De heer Lootens-Stael heeft het woord.
De heer Dominiek Lootens-Stael : Mevrouw de voorzitter, mevrouw de minister, collega's, mijn vraag betreft een oud zeer dat recent nog eens aan de oppervlakte is gekomen : het gebrek aan opvangmogelijkheden in het Nederlands in de Brusselse rust- en verzorgingstehuizen.
Een korte passage uit het jaarverslag van de VZW Home Info, een VZW die de Brusselse bejaarden begeleidt bij hun zoektocht naar geschikte opvang, werd opgepikt door de media : voor Brusselse Nederlandstalige bejaarden is het zeer moeilijk een rusthuis te vinden waar men Nederlands spreekt. 70 percent van de Brusselse rusthuizen behoort tot de bicommunautaire sector en is dus zogenaamd tweetalig. De overige 30 percent is Franstalig. Er is momenteel één Nederlandstalig rusthuis erkend door de Vlaamse Gemeenschapscommissie. Hoewel de rusthuizen in de bicommunautaire sector onderworpen zijn aan de taalwetgeving, hun personeel een examen heeft afgelegd over de kennis van de tweede landstaal en alles er dus in principe tweetalig zou moeten verlopen, trekken ze zich daar weinig van aan. De taalwetgeving wordt permanent met de voeten getreden. In de praktijk is het personeel niet in staat Nederlands te spreken.

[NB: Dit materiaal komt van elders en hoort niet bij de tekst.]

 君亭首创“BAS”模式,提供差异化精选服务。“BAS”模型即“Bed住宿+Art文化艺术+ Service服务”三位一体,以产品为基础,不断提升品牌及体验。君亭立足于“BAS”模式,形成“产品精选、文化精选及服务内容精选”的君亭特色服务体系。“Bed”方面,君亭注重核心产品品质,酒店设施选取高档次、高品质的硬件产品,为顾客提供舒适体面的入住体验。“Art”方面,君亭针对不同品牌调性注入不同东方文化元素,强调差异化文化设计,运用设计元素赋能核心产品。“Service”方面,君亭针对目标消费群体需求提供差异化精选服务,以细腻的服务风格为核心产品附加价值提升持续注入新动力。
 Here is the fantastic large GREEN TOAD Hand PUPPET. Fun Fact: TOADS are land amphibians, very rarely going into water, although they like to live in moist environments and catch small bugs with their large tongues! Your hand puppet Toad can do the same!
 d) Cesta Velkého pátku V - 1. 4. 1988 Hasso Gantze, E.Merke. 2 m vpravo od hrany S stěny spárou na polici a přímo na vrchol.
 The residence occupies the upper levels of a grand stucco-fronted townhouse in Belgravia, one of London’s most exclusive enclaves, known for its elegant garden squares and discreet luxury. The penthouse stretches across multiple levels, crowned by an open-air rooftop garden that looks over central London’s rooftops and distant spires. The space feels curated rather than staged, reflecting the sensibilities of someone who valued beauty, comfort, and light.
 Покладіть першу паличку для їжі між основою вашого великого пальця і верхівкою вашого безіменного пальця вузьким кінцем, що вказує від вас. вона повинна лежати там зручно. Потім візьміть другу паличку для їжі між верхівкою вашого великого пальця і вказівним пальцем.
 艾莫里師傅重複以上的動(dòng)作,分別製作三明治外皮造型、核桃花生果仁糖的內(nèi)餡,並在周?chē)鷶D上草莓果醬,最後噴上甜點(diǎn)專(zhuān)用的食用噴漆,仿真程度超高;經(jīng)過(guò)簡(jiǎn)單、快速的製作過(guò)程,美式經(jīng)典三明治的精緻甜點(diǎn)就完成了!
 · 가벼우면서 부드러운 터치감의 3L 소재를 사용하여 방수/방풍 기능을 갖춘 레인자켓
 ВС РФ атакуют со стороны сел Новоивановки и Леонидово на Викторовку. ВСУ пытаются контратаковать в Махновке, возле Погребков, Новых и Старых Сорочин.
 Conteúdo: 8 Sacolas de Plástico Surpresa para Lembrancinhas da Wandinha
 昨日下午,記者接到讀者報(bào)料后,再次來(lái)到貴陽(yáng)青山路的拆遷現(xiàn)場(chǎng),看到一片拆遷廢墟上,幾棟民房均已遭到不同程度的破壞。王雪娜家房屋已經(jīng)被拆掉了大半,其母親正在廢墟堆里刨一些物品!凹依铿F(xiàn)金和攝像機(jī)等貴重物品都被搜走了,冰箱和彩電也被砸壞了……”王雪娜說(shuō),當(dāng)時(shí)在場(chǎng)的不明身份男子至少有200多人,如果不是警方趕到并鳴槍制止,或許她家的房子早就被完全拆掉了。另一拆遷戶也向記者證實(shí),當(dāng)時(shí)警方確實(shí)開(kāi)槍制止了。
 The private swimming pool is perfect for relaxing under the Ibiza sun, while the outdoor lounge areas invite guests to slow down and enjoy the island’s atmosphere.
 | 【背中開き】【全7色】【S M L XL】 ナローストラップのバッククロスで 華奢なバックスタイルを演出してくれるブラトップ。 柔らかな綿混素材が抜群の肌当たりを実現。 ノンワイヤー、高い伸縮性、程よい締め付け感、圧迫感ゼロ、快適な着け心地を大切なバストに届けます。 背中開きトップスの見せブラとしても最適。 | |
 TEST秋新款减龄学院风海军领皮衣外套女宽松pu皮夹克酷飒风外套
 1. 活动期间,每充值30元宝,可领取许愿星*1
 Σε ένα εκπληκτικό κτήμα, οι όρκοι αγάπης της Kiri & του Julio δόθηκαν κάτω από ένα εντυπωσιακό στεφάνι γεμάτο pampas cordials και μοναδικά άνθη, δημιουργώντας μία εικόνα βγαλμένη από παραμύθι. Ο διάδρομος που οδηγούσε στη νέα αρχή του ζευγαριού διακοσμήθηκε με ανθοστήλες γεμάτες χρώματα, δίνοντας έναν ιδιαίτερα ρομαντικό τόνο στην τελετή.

In 1998 heeft de Vlaams-Blokfractie van het Brussels Hoofdstedelijk Gewest een uitgebreid onderzoek gedaan naar de situatie in de rusthuizen en de naleving van de taalwetgeving. Daaruit bleek dat het bijzonder droevig is gesteld met deze sector. Heel wat rusthuizen hebben geen statuten in het Nederlands, worden in de telefoongids uitsluitend in het Frans vermeld, en antwoorden in het Frans op Nederlandstalige aanvragen.
Nochtans is de taalwetgeving een wetgeving van openbare orde. Het probleem is dus ernstig. Daarbij moet nog in aanmerking worden genomen dat dit onderzoek zich beperkte tot administratieve aspecten. We kunnen ons moeilijk zelf in een rusthuis laten opnemen om aan den lijve te ondervinden hoe pijnlijk de situatie is en in welke lastige omstandigheden Nederlandstalige bejaarden in bicommunautaire rusthuizen moeten leven.
De VZW Home Info, die volledig onafhankelijk is, brengt enkele jaren na onze studie dit probleem opnieuw onder de aandacht. Zowel in het Vlaams Parlement als in de Vlaamse Gemeenschapscommissie hebben we al meermaals op deze kwestie gewezen, maar jammer genoeg komt er geen schot in de zaak. Er wordt geen degelijk plan ontworpen om dit steeds groter wordende probleem te verhelpen.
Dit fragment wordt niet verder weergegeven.